Actually, for me, it will be a toss-up between single malt scotch tasting or going to Bike Party. I’d rather ride the Bike Party ride though!


----------



## CHL (Jun 24, 2005)

Leopold:

I've got an 18 Year Old The Macallan Sherry Oak that says you'll be at the scotch tasting! Is the Scotch convention held this Friday in San Francisco?

CHL


----------



## raypung21 (Apr 20, 2009)

*Bike Party*

Bike party where's waldo theme is going to be a lot of fun! Leopold we will be looking for you on your unicycle.


----------



## Leopold Porkstacker (Jul 15, 2005)

CHL said:


> Leopold:
> 
> I've got an 18 Year Old The Macallan Sherry Oak that says you'll be at the scotch tasting! Is the Scotch convention held this Friday in San Francisco?
> 
> CHL


Actually at my former boss’s house in Cupertino near Stevens Canyon Road… sort of out of the way from where we’ll be riding.
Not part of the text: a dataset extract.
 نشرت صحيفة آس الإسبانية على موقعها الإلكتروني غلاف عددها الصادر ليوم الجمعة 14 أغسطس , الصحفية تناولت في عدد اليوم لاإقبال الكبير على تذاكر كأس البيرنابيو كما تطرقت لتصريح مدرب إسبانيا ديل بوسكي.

But he’s got some nice stuff slated to be tasted (Ardbeg Uigeadail, for one).



raypung21 said:


> Leopold we will be looking for you on your unicycle.


I am still on the fence as to whether I’ll be on my road bike again (with the brightest lights™), the 29er mountain bike, or the 36er unicycle. Have to fab up some sort of rack/bracket setup for the unicycle to make it “safe” for night riding. The 29er has two Bosch car horns, so it’s plenty loud (louder than the single I had on my road bike for last month’s Bike Party) and also has ample lumen output front and rear.


----------



## robwh9 (Sep 2, 2004)

Is Bike Party like Critical Mass, except the riders are supposed to obey the law?


----------



## ukbloke (Sep 1, 2007)

robwh9 said:



> Is Bike Party like Critical Mass, except the riders are supposed to obey the law?
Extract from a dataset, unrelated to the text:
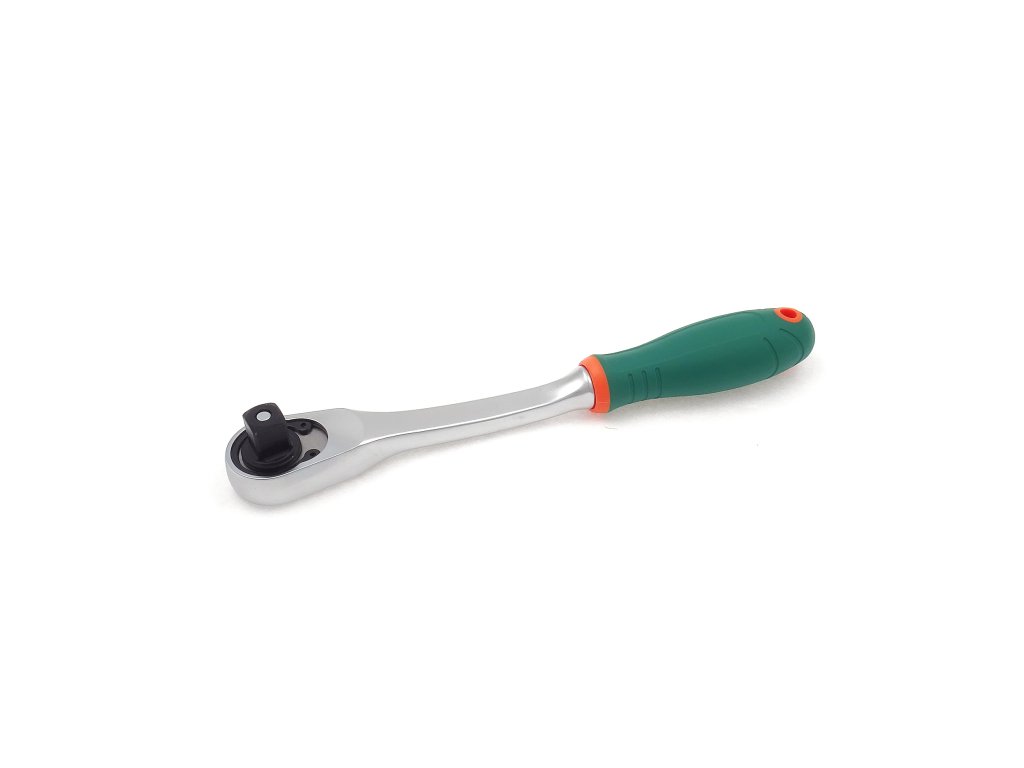 Ráčna je vhodná pro použití ve stísněných prostorech. Díky ztenčenému profilu je možné s ní povolovat nebo utahovat šrouby i tam, ked nelze prostrčit běžné ráčny. „Quick-release“ tlačítko na rychlé odepnutí hlavice (ořechu) z ráčny. Díky aretační kuličce se hlavice neuvolní samovolně z ráčny.

Not really. The objective of the Bike Party is to have fun on bikes, and they go out of their way to not inconvenience other road users. I don't think they are trying to get any message out other than "bikes are fun". The philosophy and vibe of a typical Critical Mass event are completely different.


----------



## Rhino4Five (Nov 5, 2009)

I am interested in checking this out. I think I understand what the ride is like, but what is the pre-party and post-party about?


----------



## Leopold Porkstacker (Jul 15, 2005)

Rhino4Five said:


> I am interested in checking this out. I think I understand what the ride is like, but what is the pre-party and post-party about?
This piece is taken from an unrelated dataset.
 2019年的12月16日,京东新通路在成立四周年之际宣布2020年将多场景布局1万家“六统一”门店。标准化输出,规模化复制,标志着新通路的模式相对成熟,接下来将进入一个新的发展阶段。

As far as I could tell last month, just a bunch of younger kids (under 30 years old) smoking pot and cigarettes in the parking lot before the ride commences. Sure, I love to smoke pot, but haven’t done it in about three years. I am sure that the http://www.sjbikeparty.org website makes no mention of pot smoking though.

………

OK, I guess the pre-party is at Hellyer Velodrome, so I guess the idea is to leave the bongs at home.


----------



## Leopold Porkstacker (Jul 15, 2005)

LOL! So now it seems as though my attendance at the single malt scotch whiskey tasting shindig has been deemed MANDATORY.  Here I am, the guy touting about all the coolness that is San Jose Bike Party, and now I am some sort of special M.C. or some crap at this other event. :blush2:


----------



## Leopold Porkstacker (Jul 15, 2005)

I just looked at the planned route for this evening, and now I am quite bummed out that I will instead be attending the scotch whiskey tasting... because the start point for the ride is about 1 mile from my house, and the route goes in and around “my neck of the woods”.  Damn you single malt scotch whiskey!!!

Well, if anyone else from the forums goes, please be sure to give us a writeup on how much fun I avoided having. I think I will wake up tomorrow morning with a damaged liver.


----------